Rud:
What language are you developing in? I have some software that generates and
receives OFDM with 8PSK subcarriers using .wav files containing I and Q
samples. The source code is about 1500 lines of Delphi (Pascal). It's fairly
slow as it uses a DFT and IDFT and floating point arithmentic, but that won't
matter as much for 500 Hz wide signals as it did for 1.5 MHz wide signals. It
uses BICM-8 which is a variation of Ungerboek's TCM that is supposed to work
better on fading channels and includes a Viterbi decoder. There is no frequency
correction mechanism as one program was used to generate files for an arbitary
waveform generator. The other was to test the file generated by the first
program. The software and a signal generator were used to generate a signal on
6 meters and 70 cm for testing an FPGA-based decoder.
73,
John
KD6OZH
----- Original Message -----
From: Rud Merriam
To: digitalradio@yahoogroups.com
Sent: Wednesday, October 24, 2007 10:03 UTC
Subject: [digitalradio] OFDM Proposal: Details
For your amusement and consternation here are my latest thoughts on doing an
OFDM protocol.
Symbol rate: 62.5 Hz (128 samples @ 8000 Hz)

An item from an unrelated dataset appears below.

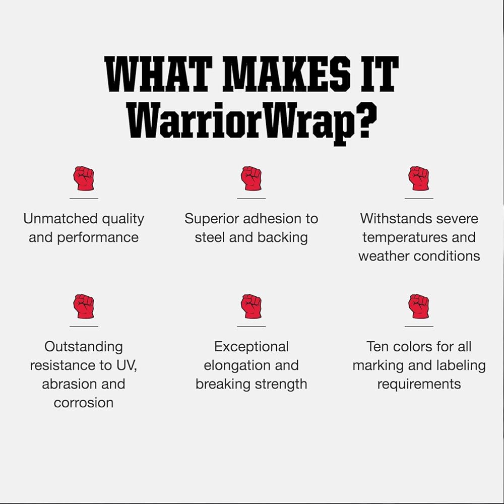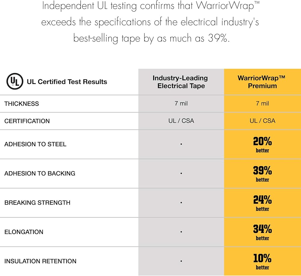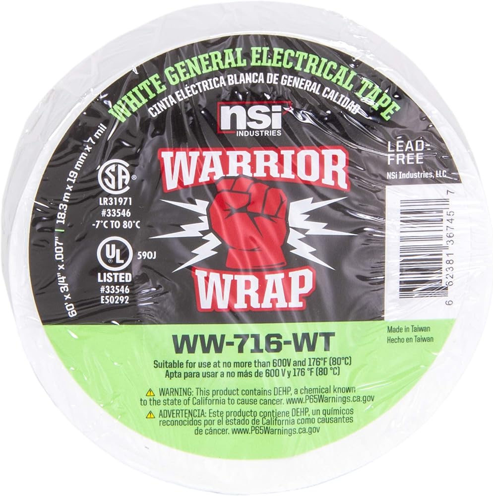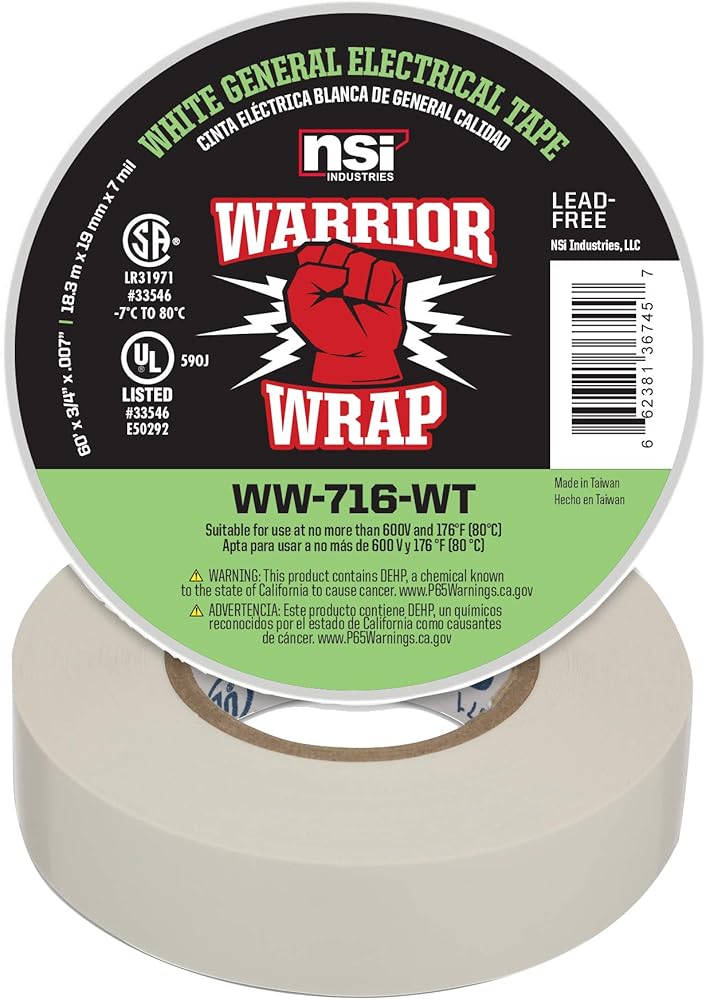 The WarriorWrap General white electrical tape provides tight and secure protection with high quality and durability, combining good adhesion, elasticity and resistance for all weather conditions. This tape can wrap up every residential or commercial project from simple jobs to complex. Withstanding weather elements without flagging, cracking or losing adhesion — from below zero to scorching temperatures — this electrical tape's rugged durability is engineered to resist harsh UV rays, rain, wind and snow. The WarriorWrap 7 mil product family is available in 10 total colors for specific project needs to help with color coding cables or labeling other items. The additional colors include black, brown, red, orange, yellow, green, blue, violet, and gray. The Warrior Wrap electrical tape product line also offers Select (WW-722) and Premium (WW-732/WW-832) tapes for enhanced performance and capabilities. The Warrior Wrap Premium line offers an 8. 5 mil thickness product available in black for the most extreme environments. WarriorWrap products are UL Listed and CSA Certified for consumer confidence, adding peace of mind to safety and quality concerns.

Guard interval: 2, 4, 8 ms adaptive to conditions
Subchannels: 8 (62.5 125 187.5 250 312.5 375 437.5 500)
Bandwidth: 437.5 Hz
Raw BPS: 1778, 1600, 1333 adaptive (guard band change)

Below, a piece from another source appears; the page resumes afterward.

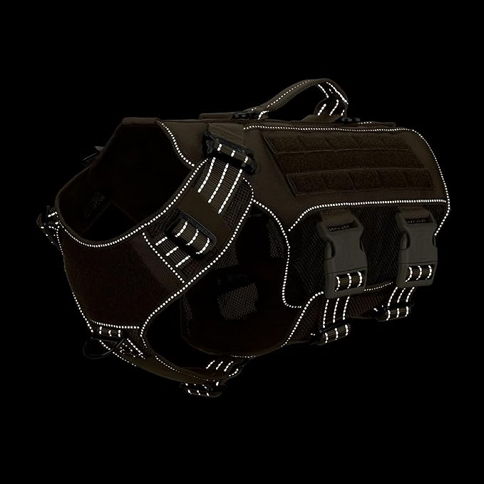 ICEFANG Tactical Mesh Dog Harness for X-Large Dogs,Reflective Dog Molle Vest with Metal Buckles,Hook and Loop Panels,No Pulling Front Clip for Walking Hiking Training (X-Large (Pack of 1), Brown)
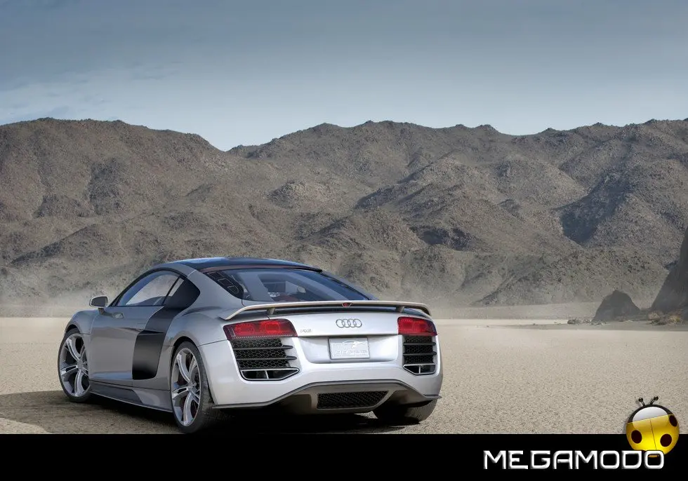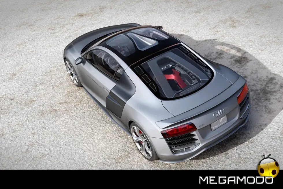 Gli ingegneri addetti all’aerodinamica hanno lavorato con tale intensità alla concept car che la sua carrozzeria oltre a risultare straordinariamente elegante genera anche, contrariamente a quanto accade alla maggior parte delle altre vetture sportive, deportanza. Una circostanza importante, questa, perché la deportanza contribuisce a stabilizzare la vettura alle alte velocità. Tale effetto viene ottenuto grazie a uno spoiler posteriore estraibile molto più grande di quello della R8 di serie ma, soprattutto, attraverso il sottoscocca del diffusore completamente rivestito.

Base frequency: undetermined
MODULATION (somewhat firm)
Waveform: DQPSK with constellation at 45, 135, 225, 315 degrees
Generation: 8 separate generators providing continuous waves through the
guard bands
Phase change: start of symbol period
Shaping: post generation raised cosine over symbol and guard period
DEMODULATION (somewhat speculative)
FT: 128 bin every 32 samples for locating subchannels
Synchronization: square of subchannels identified by FT
to locate bottom subchannel by 125 Hz signal
Frequency drift: subchannel selection based on output of synchronization
Phase detection: phase averaged over symbol period,
differential with last symbol
A main goal is to keep the bandwidth within 500 Hz.

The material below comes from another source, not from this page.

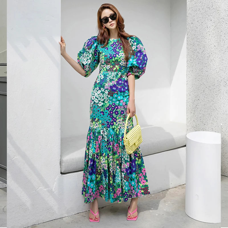 Korean Floral Print Long Dress - 2023 Summer Fashion for Women - Slim Fit with Puff Sleeves and Fishtail - O-Neck - Vintage Style

The symbol rate is as suggested by John KD6OZH. First testing will probably
be with his 8 ms guard band but I would like to make it adaptive to short that
period if multipath conditions allow.
DQPSK to get more throughput and because getting the absolute phase is a
challenge. Any suggestion to use absolute phase would be appreciated since that
gains a couple dB.
The Fourier transform is mainly to identify the potential subchannel
locations to allow adjusting for frequency drift. Once high energy bins are
determined the signal is filtered at various of those frequencies and the
square used to detect the doubled lowest frequency (125 Hz). That also locates
the symbol period for synchronization. Actually, the possible frequency
includes the guard band so it may be one of three values. By determining that
value the guard band period is also determined and the actual guard band
removed.
Rud Merriam K5RUD
ARES AEC Montgomery County, TX
http://TheHamNetwork.net